The impact of axillary lymph node dissection on the prognosis of breast cancer patients undergoing up-front mastectomy with Sentinel lymph node micrometastases.

作者信息

Ding Wu, Chen YongTian, Lin Yingli, Chen Xiaoliang

机构信息

Department of Oncological Surgery, Shaoxing Second Hospital, Shaoxing, Zhejiang, China.

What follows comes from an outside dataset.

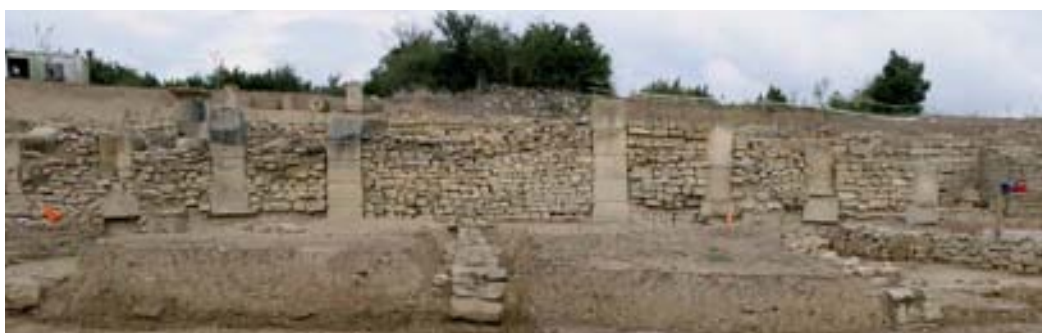
El criptopórtico. Detalle de GEM4.

por haber sufrido especialmente una serie de alteraciones, reformas y añadidos que le confieren un aspecto formal distinto al resto del muro sur rompiendo de algún modo la cadencia relativamente armónica de encadenados y entrepaños adoptando, entre otras circunstancias constructivas, un intercolumnio más reducido e incluso irregular en este sector, unas dimensiones también menores del volumen de los encadenados de sillar y unas dimensiones de fábrica de mampostería diferentes que ligan directamente su devenir al del complejo sector occidental de la excavación apenas intervenido salvo a cota de sus principales interfaces.

Department of Clinical Medicine, Shaoxing University School of Medicine, Shaoxing, Zhejiang, China.

出版信息

Sci Rep. 2025 Mar 27;15(1):10525. doi: 10.1038/s41598-025-91405-1.

Abstract

Traditionally, completion axillary lymph node dissection (ALND) has been standard for breast cancer patients with positive sentinel lymph nodes (SLNs). However, ALND poses risks of morbidity. Recent trials suggest omission of ALND may be safe in selected cases. Controversy exists regarding ALND omission in mastectomy patients with micrometastases. We retrospectively analyzed data from 12 centers in China and the Surveillance, Epidemiology, and End Results (SEER) database. Patients with T1-2 breast cancer and SLN micrometastases who underwent up-front mastectomy were included. Patients were categorized into two groups: Non-ALND and ALND. Clinicopathological factors and survival outcomes were compared between the two groups. A total of 118 patients from 12 centers in China and 4,884 patients from the SEER database were included in the analysis. The Non-ALND group demonstrated non-inferiority in terms of recurrence-free survival (RFS), locoregional recurrence-free survival (LRFS), breast cancer-specific survival (BCSS), and overall survival (OS) when compared to the ALND group. Multivariable analysis identified significant predictors of survival outcomes. This study supports the omission of ALND in T1-2N1mi breast cancer patients undergoing mastectomy, demonstrating comparable survival outcomes to those undergoing ALND. Proper patient selection is essential for tailored treatment strategies.

摘要

传统上,对于前哨淋巴结(SLN)阳性的乳腺癌患者,完成腋窝淋巴结清扫术(ALND)一直是标准治疗方法。然而,ALND存在发病风险。最近的试验表明,在某些情况下省略ALND可能是安全的。对于接受乳房切除术且有微转移的患者省略ALND存在争议。我们回顾性分析了来自中国12个中心的数据以及监测、流行病学和最终结果(SEER)数据库。纳入了接受 upfront乳房切除术的T1-2期乳腺癌且SLN有微转移的患者。患者分为两组:非ALND组和ALND组。比较了两组的临床病理因素和生存结果。分析共纳入了来自中国12个中心的118例患者和SEER数据库中的4884例患者。与ALND组相比,非ALND组在无复发生存期(RFS)、局部区域无复发生存期(LRFS)、乳腺癌特异性生存期(BCSS)和总生存期(OS)方面显示出非劣效性。多变量分析确定了生存结果的显著预测因素。本研究支持对接受乳房切除术的T1-2N1mi期乳腺癌患者省略ALND,其生存结果与接受ALND的患者相当。正确的患者选择对于制定个体化治疗策略至关重要。